In the township the population was spread out, with 20.1% under the age of 18, 4.7% from 18 to 24, 24.3% from 25 to 44, 28.9% from 45 to 64, and 22.1% who were 65 years of age or older. The median age was 46 years. For every 100 females, there were 110.8 males. For every 100 females age 18 and over, there were 110.8 males.

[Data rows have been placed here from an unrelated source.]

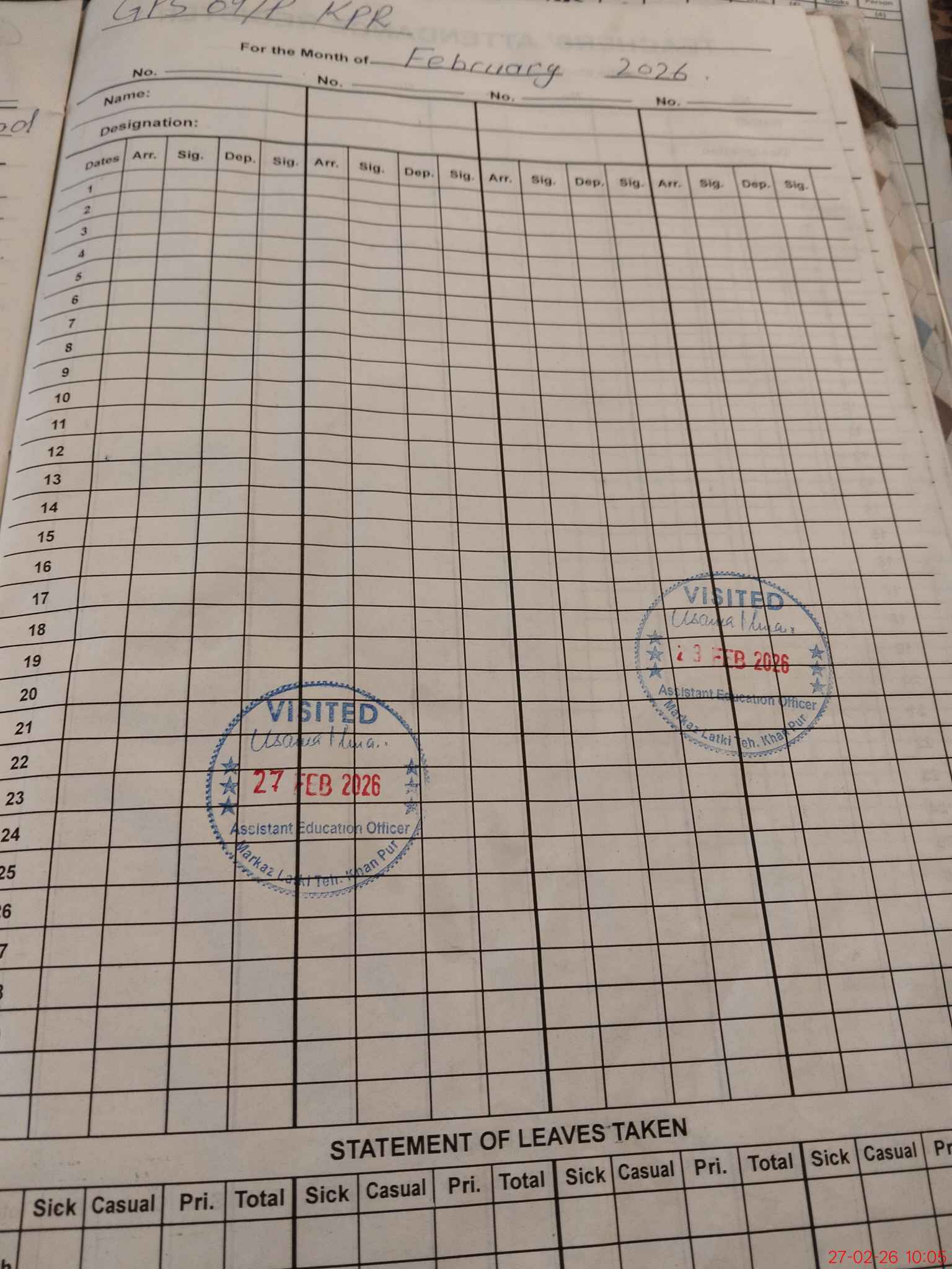 | Monitoring Date: 27-02-2026 | Start Time: 27-02-2026 09:48 AM | End Time: 27-02-2026 10:11 AM | Name of MEA: Us**** Um**** | |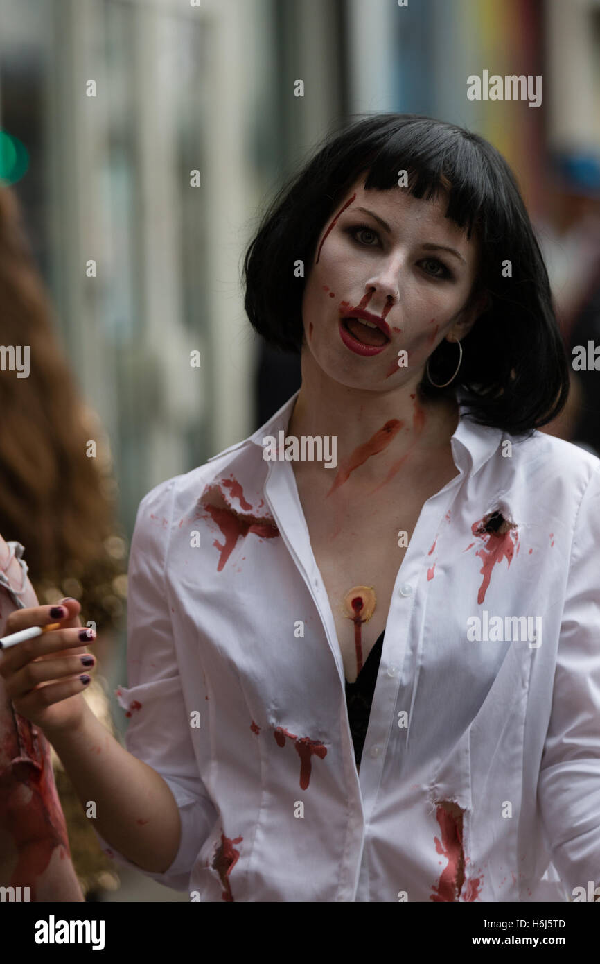 Participant In Full Makeup And Costume At The Annual Bristol Zombie Walk 29th October 2016 Bristol England Stock Photo Alamy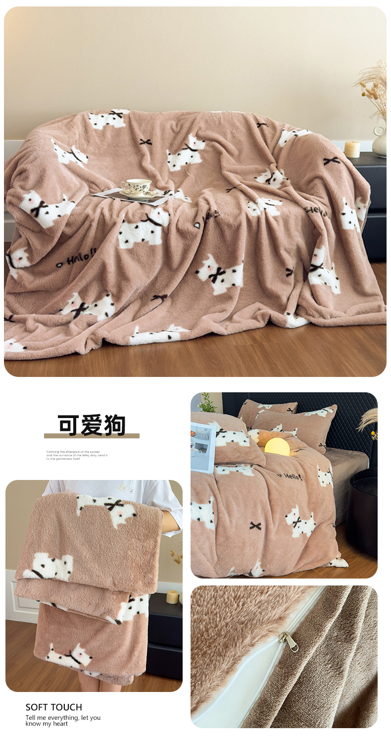 (总)璐维斯 2025 A类舒适兔毛绒印花四件套卡通花卉牛奶绒秋冬保暖床上用品单被套三件套,浪漫波点-粉,繁花-豆沙,繁花-灰,黑白棋盘格,红色棋盘格,蝴蝶结红,可爱狗,腊肠狗,浪漫爱心,浪漫波点-白,浪漫波点-蓝,玫瑰白,时尚豹纹,时尚条纹狗,甜酷猫-红,甜酷猫-咖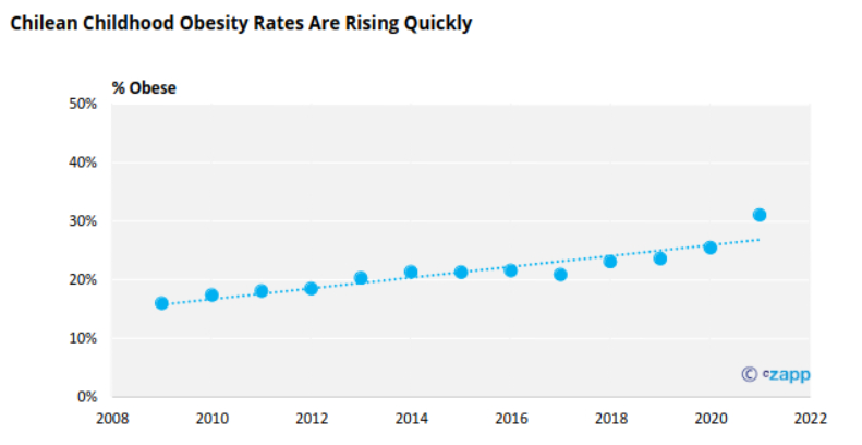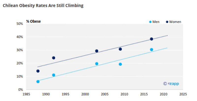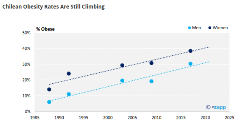 尽管糖和HFCS的消费量在近20年前达到顶峰,但智利的肥胖率仍在继续攀升[14]。可悲的是,我们可以找到的成年人的最新数据可以追溯到2017年,即2014-2016年引入糖法规后不久。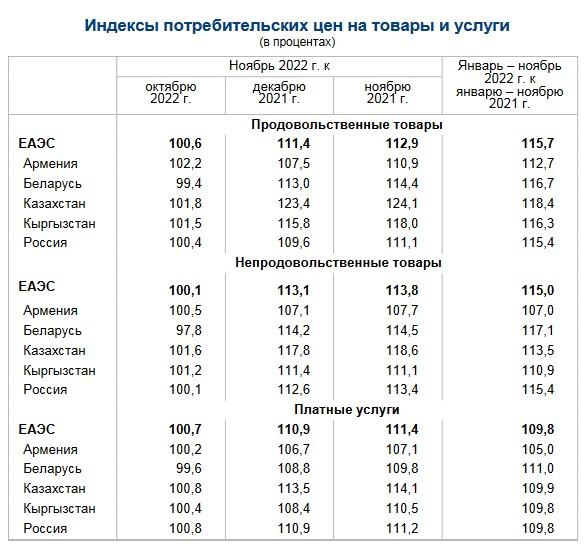 В ЕЭК отметили, что в ноябре 2022 года по сравнению с декабрем 2021 года выше, чем по Евразийскому экономическому союзу, прирост цен на продовольственные товары зафиксирован в Казахстане (на 23,4%), Кыргызстане (на 15,8%) и в Беларуси (на 13,0%). Наибольшее увеличение цен на непродовольственные товары отмечалось в Казахстане (на 17,8%) и в Беларуси (на 14,2%), на платные услуги – в Казахстане (на 13,5%).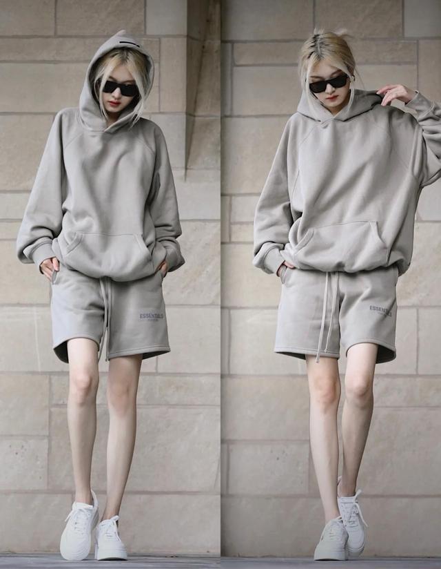 Sweatshirts of the same color are paired with shorts. The overall color presentation is simple and low-key, and the harmony of color matching is strong enough. The shorts on the lower body are designed in a looser design to echo the sweatshirt on the upper body. The overall matching effect is Provides sufficient comfort.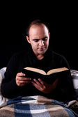 człowiek siedzi, czytanie książki, na białym tle biały, łapka.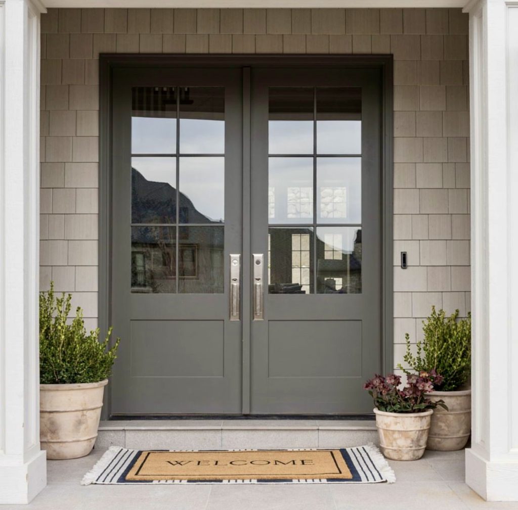 Deep charcoal double door options like the one in the image have also been common in the 2026 trends if the home’s house shingles are tan. However, the color works equally well on other house shingles. To some degree, the color is perfect for everyone who wants elegance in their homes. Its elegance does not require much effort to maintain. Additionally, the color works very well on both gray house siding and on houses made of different-colored house shingles. To some extent, the color complements the gray color very much. Thus, the color’s elegance is ideal for everyone.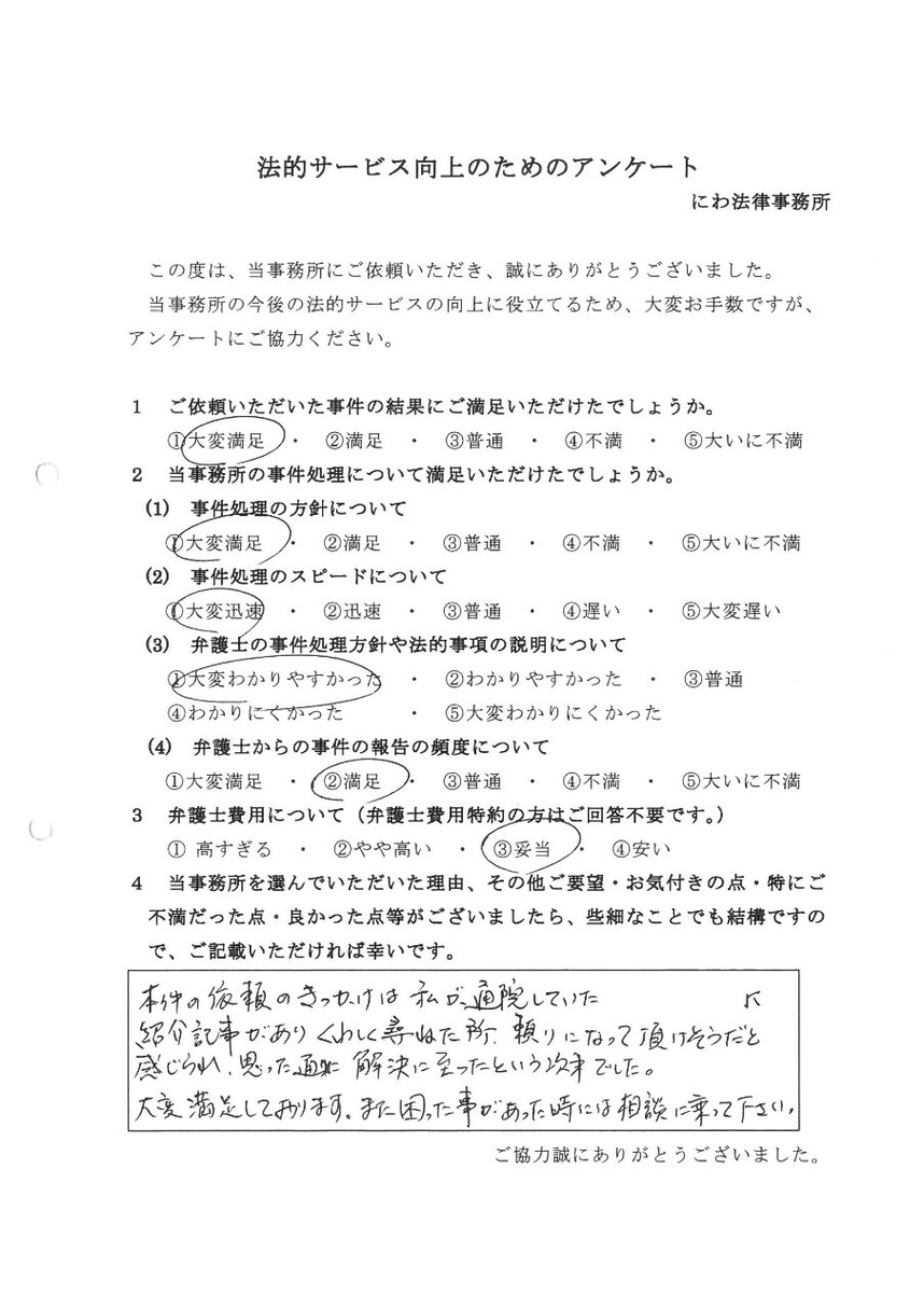 これまでに当事務所へご相談いただいた依頼者様からのご意見やご感想を紹介いたします。

The median income for a household in the township was $40,750, and the median income for a family was $51,250. Males had a median income of $40,000 versus $29,107 for females. The per capita income for the township was $20,134. About 10.9% of families and 17.3% of the population were below the poverty line, including 31.5% of those under age 18 and 7.6% of those age 65 or over.